__Directions__. Among the lines of the listing below, retype exactly those from the one containing "wild blockbuster scenes!" through the one containing "Обувница идеально подходит", both included. Do not include pictures.
(Records for the exercise)
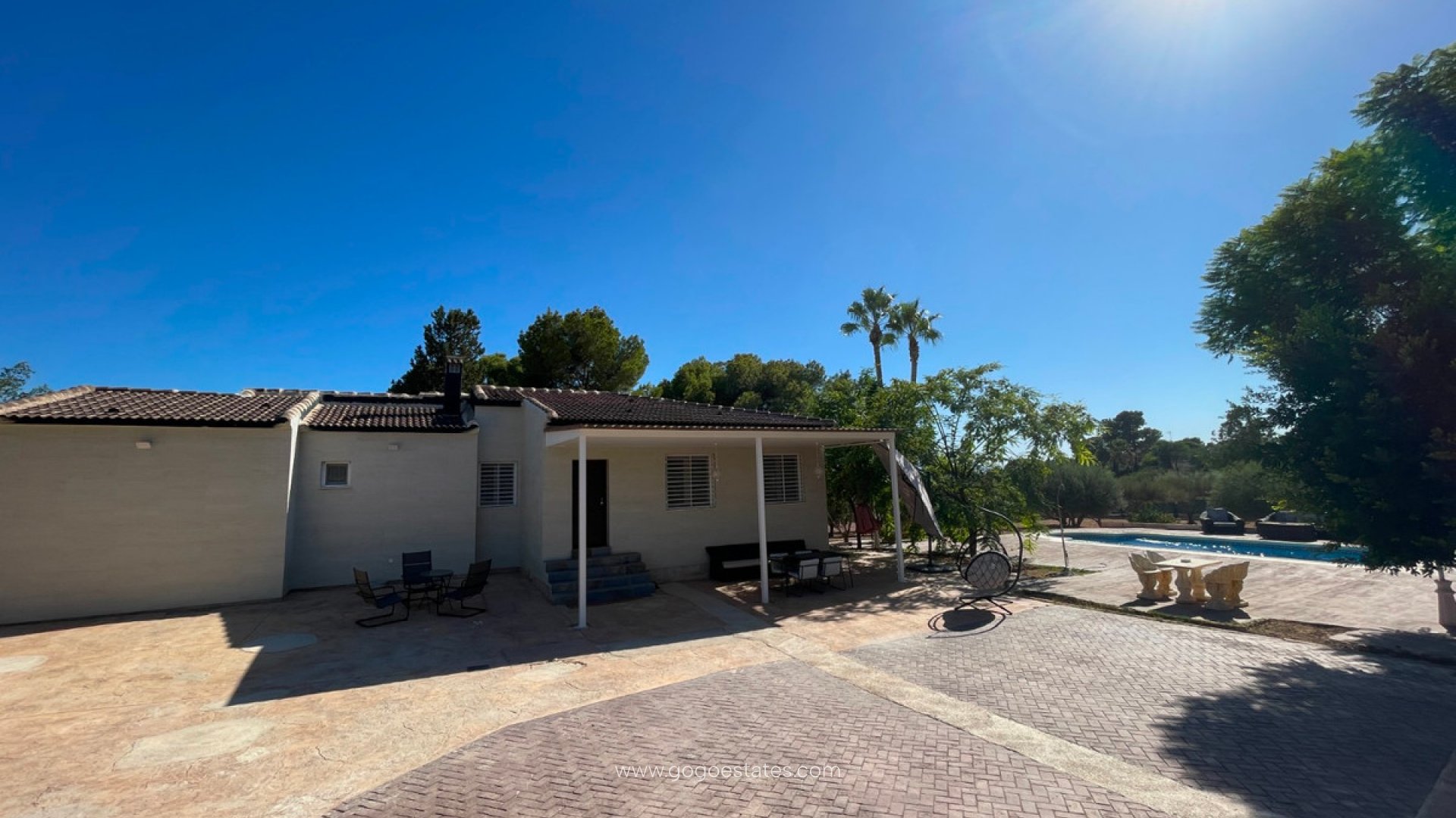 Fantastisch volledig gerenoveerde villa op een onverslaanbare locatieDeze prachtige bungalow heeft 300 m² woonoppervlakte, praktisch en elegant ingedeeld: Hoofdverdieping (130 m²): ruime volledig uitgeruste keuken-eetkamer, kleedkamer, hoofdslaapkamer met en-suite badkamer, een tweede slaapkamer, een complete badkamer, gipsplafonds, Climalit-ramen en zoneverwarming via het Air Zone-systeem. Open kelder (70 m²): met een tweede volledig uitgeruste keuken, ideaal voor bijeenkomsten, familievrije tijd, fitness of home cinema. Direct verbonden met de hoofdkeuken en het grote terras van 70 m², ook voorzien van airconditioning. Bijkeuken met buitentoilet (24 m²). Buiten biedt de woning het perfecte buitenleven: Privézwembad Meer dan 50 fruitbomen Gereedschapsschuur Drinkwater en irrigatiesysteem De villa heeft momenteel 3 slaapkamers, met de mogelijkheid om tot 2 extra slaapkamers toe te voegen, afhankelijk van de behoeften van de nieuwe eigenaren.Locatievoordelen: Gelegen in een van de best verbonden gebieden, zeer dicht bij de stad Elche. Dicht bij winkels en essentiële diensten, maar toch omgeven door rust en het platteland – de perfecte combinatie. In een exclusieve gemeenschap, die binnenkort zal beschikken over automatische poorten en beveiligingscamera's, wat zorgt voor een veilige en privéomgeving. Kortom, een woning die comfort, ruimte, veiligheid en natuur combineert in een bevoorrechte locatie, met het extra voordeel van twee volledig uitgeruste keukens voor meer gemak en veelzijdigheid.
(End Records for the exercise)
(Records for the exercise)
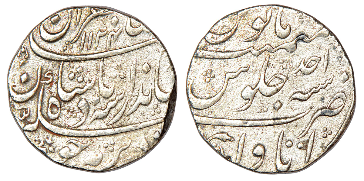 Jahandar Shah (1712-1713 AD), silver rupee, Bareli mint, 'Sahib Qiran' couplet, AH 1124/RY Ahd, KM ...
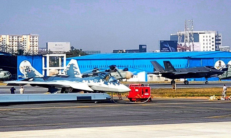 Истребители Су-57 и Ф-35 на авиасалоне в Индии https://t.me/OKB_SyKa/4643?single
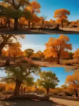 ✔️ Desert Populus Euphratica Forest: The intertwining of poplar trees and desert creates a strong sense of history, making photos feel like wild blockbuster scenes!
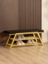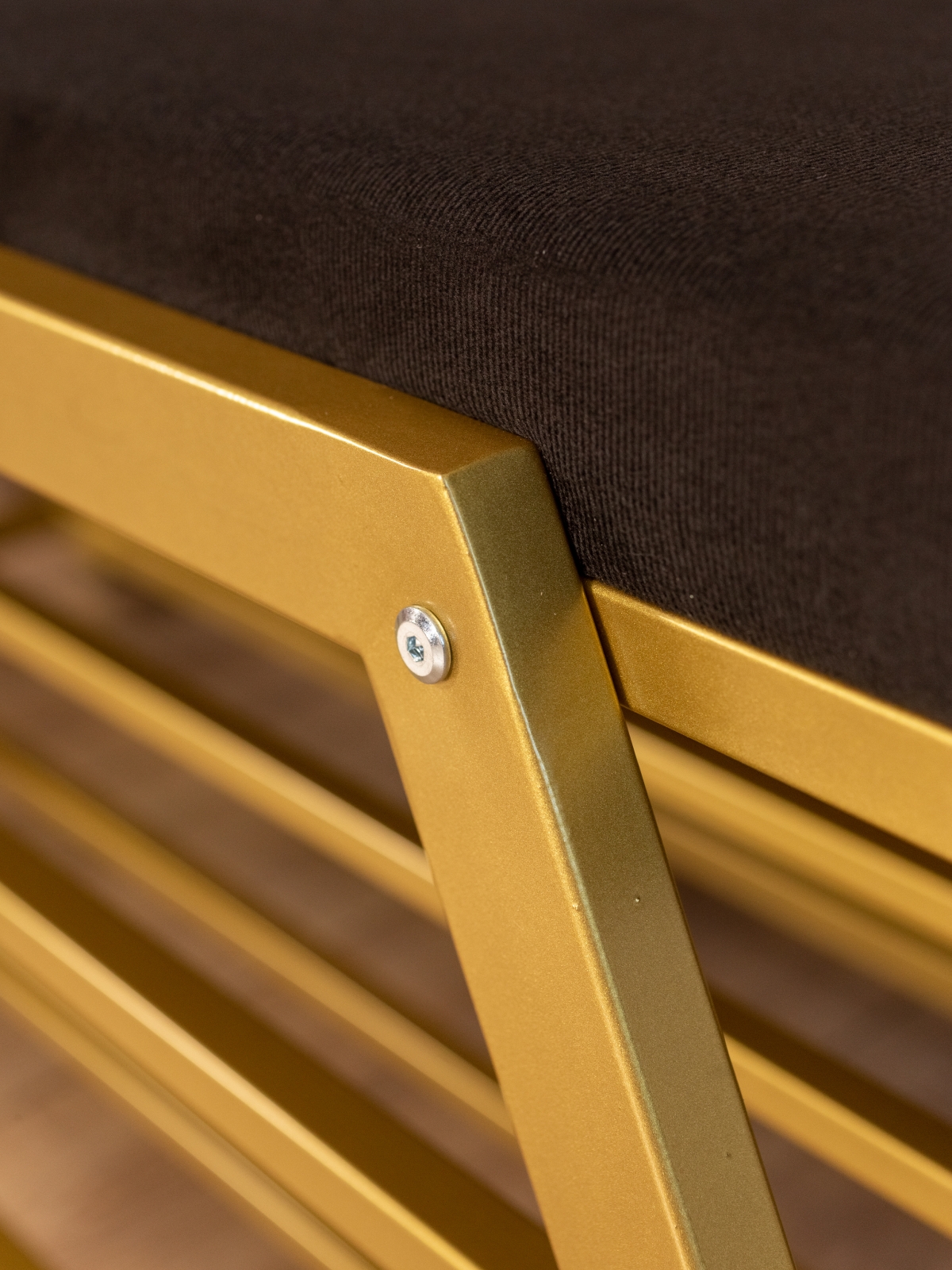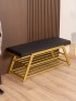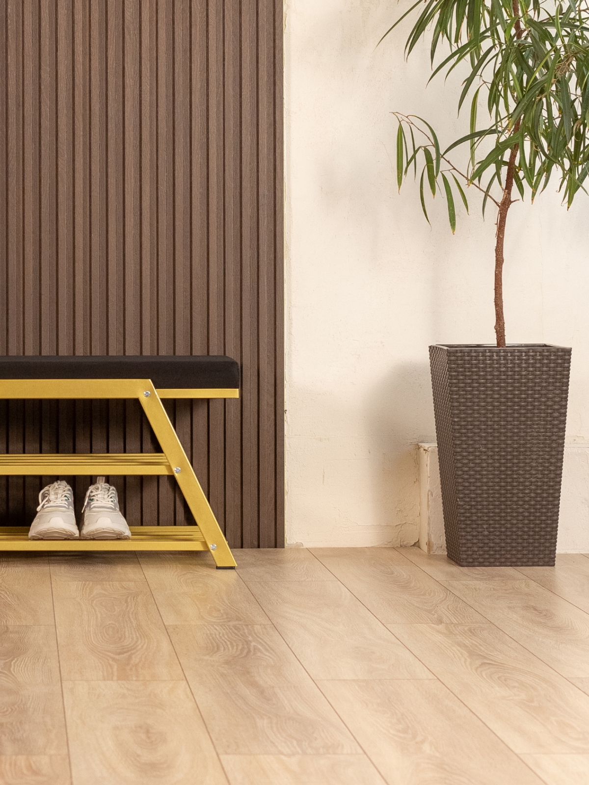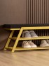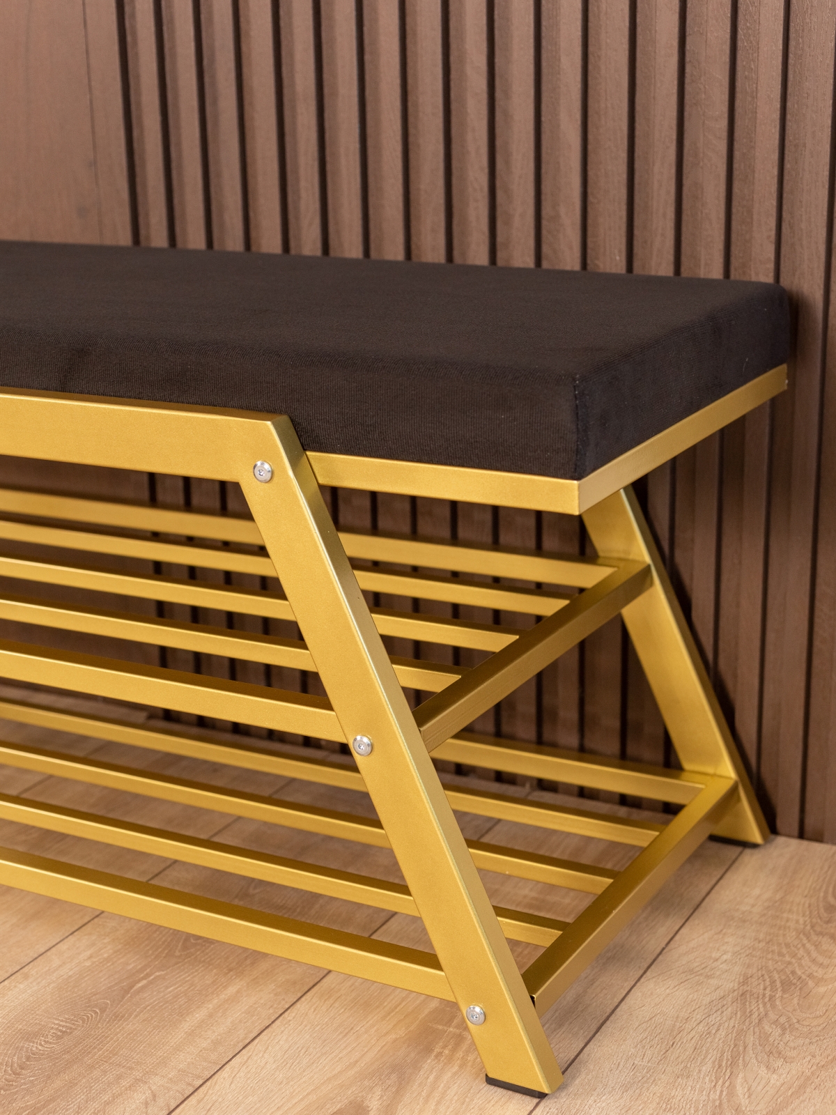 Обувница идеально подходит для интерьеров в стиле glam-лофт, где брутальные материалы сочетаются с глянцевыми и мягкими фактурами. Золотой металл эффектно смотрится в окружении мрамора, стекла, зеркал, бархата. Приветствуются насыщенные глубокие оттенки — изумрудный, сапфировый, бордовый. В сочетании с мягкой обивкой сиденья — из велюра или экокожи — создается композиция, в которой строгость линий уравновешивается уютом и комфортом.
(End Records for the exercise)
__Exercise output__.
 ✔️ Desert Populus Euphratica Forest: The intertwining of poplar trees and desert creates a strong sense of history, making photos feel like wild blockbuster scenes!
 Обувница идеально подходит для интерьеров в стиле glam-лофт, где брутальные материалы сочетаются с глянцевыми и мягкими фактурами. Золотой металл эффектно смотрится в окружении мрамора, стекла, зеркал, бархата. Приветствуются насыщенные глубокие оттенки — изумрудный, сапфировый, бордовый. В сочетании с мягкой обивкой сиденья — из велюра или экокожи — создается композиция, в которой строгость линий уравновешивается уютом и комфортом.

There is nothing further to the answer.